What This Calculator Does
The Sock Knitting Calculator tells you how many stitches to cast on for a top-down or toe-up hand-knit sock. A great-fitting sock should be slightly smaller than your actual foot so it hugs the leg and stays up — this is called negative ease. The calculator combines your foot circumference, your knitting gauge, and a chosen ease percentage to produce a recommended cast-on number.
How To Use It
Measure the circumference of the widest part of your foot (usually around the ball of the foot) in inches. Knit a small gauge swatch in your sock yarn and count how many stitches fit in one inch. Enter both values, pick a negative ease percentage (10% is a reliable default), and read your cast-on number. We also round it to the nearest multiple of 4 so common rib patterns (k2, p2) and heel divisions work cleanly.
The Formula Explained
The core equation is $$\text{Cast On} = \operatorname{round}(C \times g \times (1 - e))$$ where \(C\) is foot circumference in inches, \(g\) is gauge in stitches per inch, and \(e\) is the ease as a decimal. Multiplying circumference by gauge gives the stitches needed to exactly match your foot; multiplying by \((1 - e)\) shrinks that target so the finished sock stretches snugly over your foot.
Worked Example
Suppose your foot circumference is 9 inches, your gauge is 8 stitches per inch, and you want 10% negative ease. The ease factor is \(1 - 0.10 = 0.9\). $$\text{Cast On} = \operatorname{round}(9 \times 8 \times 0.9) = \operatorname{round}(64.8) = 65 \text{ stitches}$$ Rounded to the nearest multiple of 4, that's 64 stitches — a tidy number for a 2×2 rib and an even heel flap.
FAQ
How much negative ease should I use? Most sock patterns use 10% negative ease. For very stretchy ribbed socks you can go up to 15%; for loose comfort socks use 5% or 0%.
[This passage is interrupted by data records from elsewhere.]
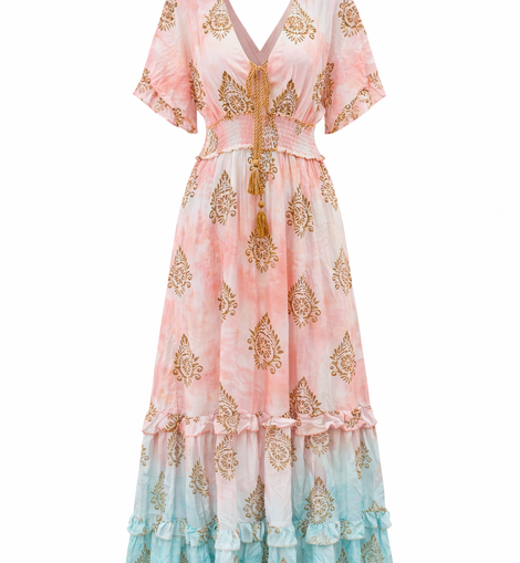 Este maxi dress estilo boho combina una silueta fluida con detalles delicados en beads que elevan toda la pieza. Su tela en viscosa es ligera, fresca y perfecta para climas cálidos, mientras el elástico en cintura define sin apretar, logrando un fit cómodo y favorecedor.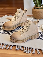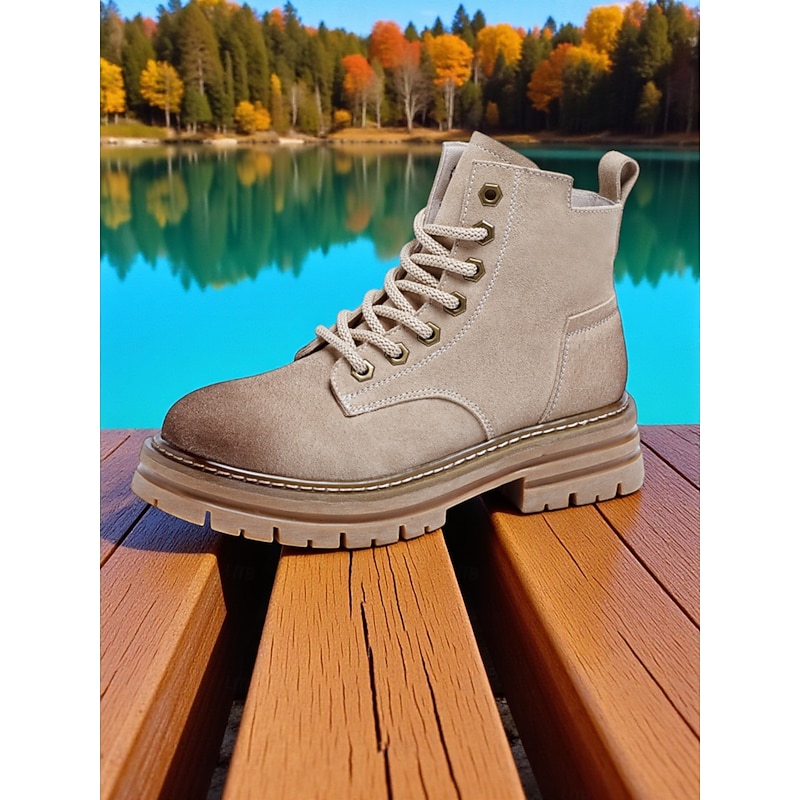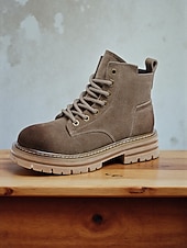 More information about Women's Brown Suede Lace Up Ankle Boots with Chunky Non Slip Sole -Casual Outdoor Workwear Hiking Boots for Fall and Winter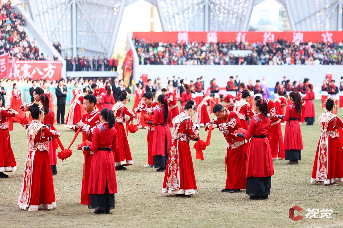 11月23日,“川超”绵阳赛区收官战打响前,百位绵阳新人齐聚赛场,举行了一场别开生面的集体婚礼。

Why round to a multiple of 4? Sock stitches are usually divided evenly between the instep and sole, and ribbing repeats like k2/p2 need a multiple of 4. Rounding keeps your pattern symmetric.
Does gauge really matter that much? Yes — gauge is the biggest factor in fit. Always swatch in the round if you can, because many knitters get a different gauge knitting in the round versus flat.